Chantal Akerman (Je, Tu, Il, Elle (1974), Jeanne Dielman, 23 Quai de Commerce, 1080 Bruxelles (1975), Rendezvous d'Anna (1978)) is certainly one of the most important young film directors working in Europe today, and among the leading women directors of the world. In an interview in Cahiers du Cinema, Akerman describes News from Home: “I lived (in New York) the first time for a year and a half, and during this whole time I was getting letters from my mother. In relation to what I was experiencing, in relation to New York, it was very moving. Like a kind of amorous complaint, repetitive, always accompanying me. For my mother, who is from old Europe, America is still the myth of the new America. And she was writing to her daughter who had come to America to succeed in life.
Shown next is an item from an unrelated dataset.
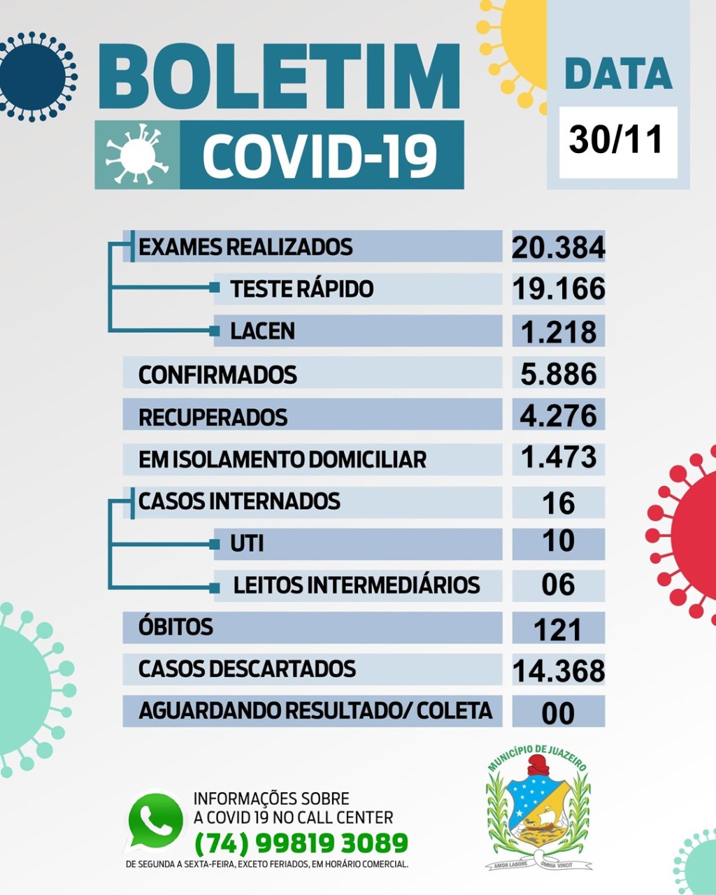 Boletim da SESAU desta segunda-feira (30) registra 23 casos confirmados para COVID-19 e mais 14 curas clínicas em Juazeiro
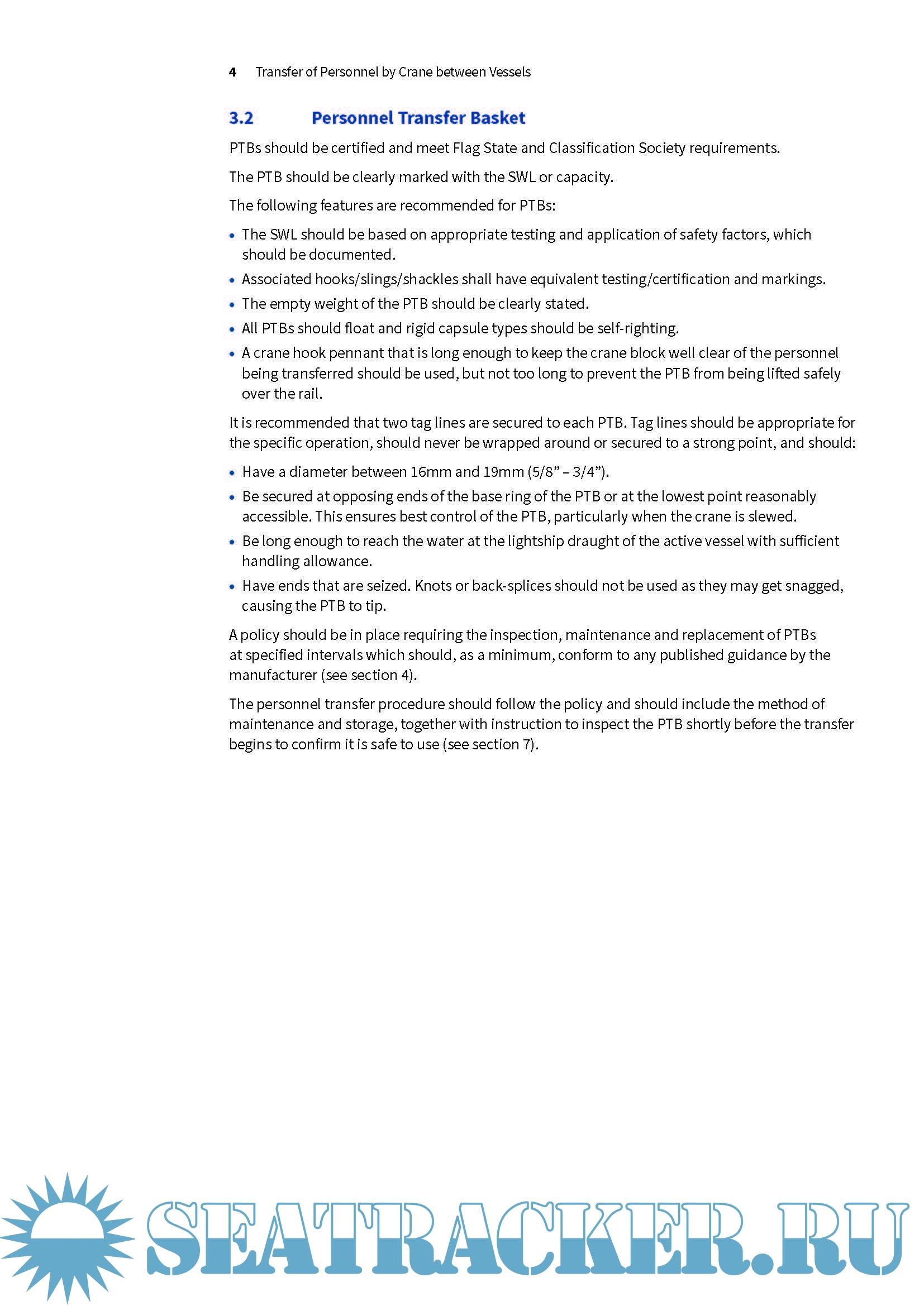 Description: This information paper is intended to help vessel operators and owners, Masters, officers, Marine Superintendents and Mooring Masters evaluate the risks associated with the transfer of personnel by a vessel’s onboard crane. The paper contains recommendations on equipment and good operating practices that will enhance the overall safety of personnel transfer operations. It is not a set of rules and if more stringent international, national or local regulations apply they must always take precedence.

Obviously it wasn't said like that, because it was very simple language, direct.... The film seems to me to be very European, it's a film of construction.... It's a film about being off-center: me and New York, which is a city without a center, and this shows up in the construction of the film. Generally speaking, but not systematically, the film is composed of shots in the subway (the subway is very important in New York, I love everything that has to do with subways, trains...) and of exteriors. And you never know where you are, never. The same construction shows up on the level of sounds, and the letters which are read voice-over. At times they disappear and I let the sounds speak, at times they're scrambled and you can't understand them, rather like a leit-motif. It's like a love song that you listen to or don't listen to, and at the same time it's like a hold that is slipping....”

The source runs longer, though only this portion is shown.